Only a verbatim restatement of the lines from the one with "在讨论如何将所提出的方法应用到现有的 VPT 之前,本文首先对现有的" through the end of the listing below is wanted. Pictures should be left out.
Data section Block Start
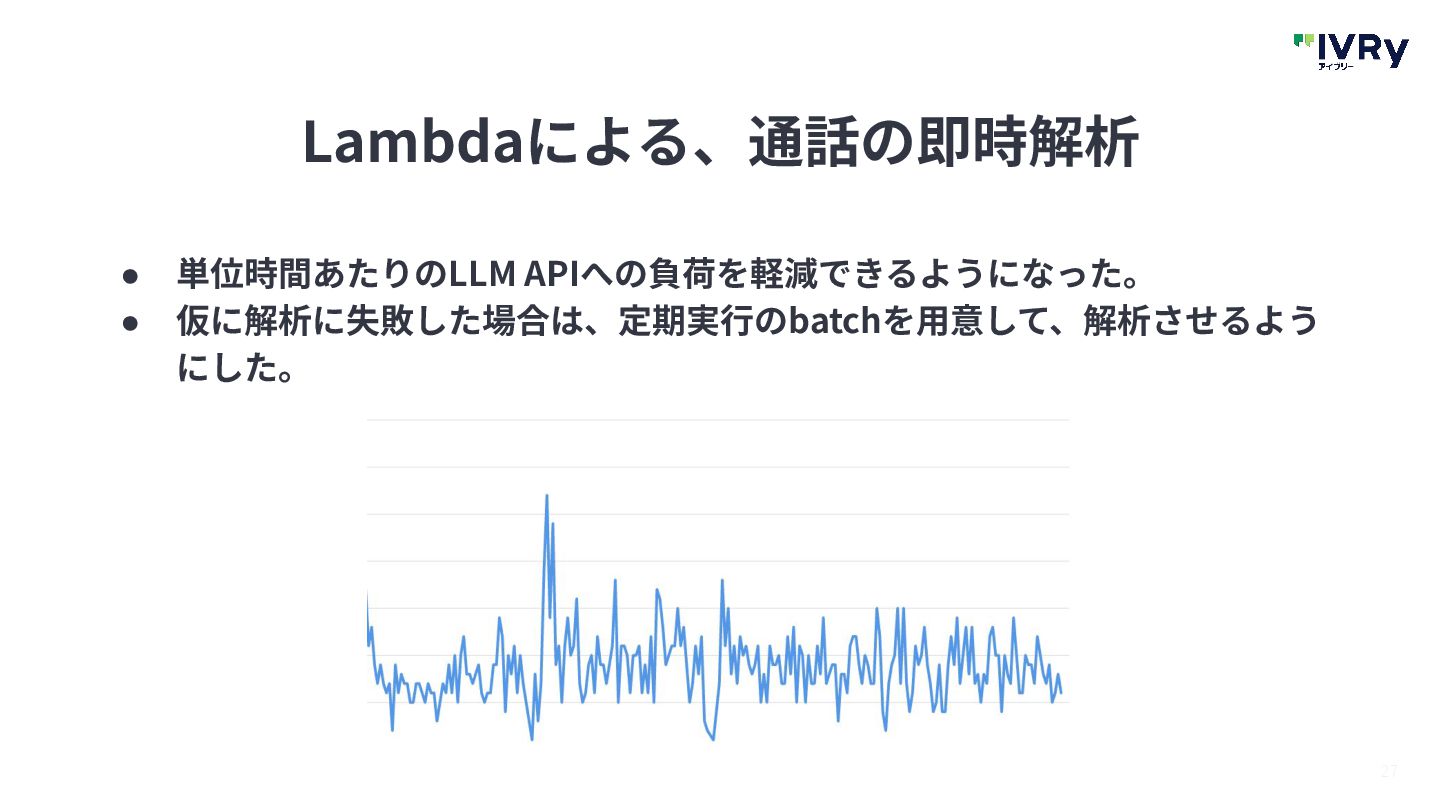 27 • 単位時間あたりのLLM APIへの負荷を軽減できるようになった。 • 仮に解析に失敗した場合は、定期実⾏のbatchを⽤意して、解析させるよう にした。 Lambdaによる、通話の即時解析
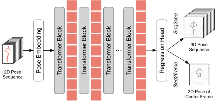 在讨论如何将所提出的方法应用到现有的 VPT 之前,本文首先对现有的 VPT 架构进行了总结。如下图所示,VPT 架构主要由三个组成部分构成:一个姿态嵌入模块用于编码姿态序列的空间与时间信息,多层 Transformer 用于学习全局时空表征,以及一个回归头模块用于回归输出三维人体姿态结果。
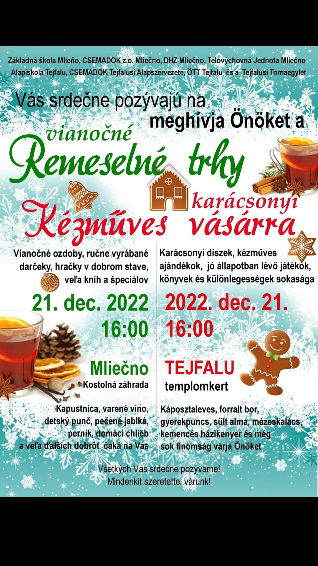 Srdečne vás pozývajú na „Vianočné remeselné trhy“ do Mliečna, ktoré budú 21. decembra 2022 od 16:00 v kostolnej záhrade. Podrobný program nájdete na plagáte v galérii.
Data section Block End
=== Answer to the exercise ===
 在讨论如何将所提出的方法应用到现有的 VPT 之前,本文首先对现有的 VPT 架构进行了总结。如下图所示,VPT 架构主要由三个组成部分构成:一个姿态嵌入模块用于编码姿态序列的空间与时间信息,多层 Transformer 用于学习全局时空表征,以及一个回归头模块用于回归输出三维人体姿态结果。
 Srdečne vás pozývajú na „Vianočné remeselné trhy“ do Mliečna, ktoré budú 21. decembra 2022 od 16:00 v kostolnej záhrade. Podrobný program nájdete na plagáte v galérii.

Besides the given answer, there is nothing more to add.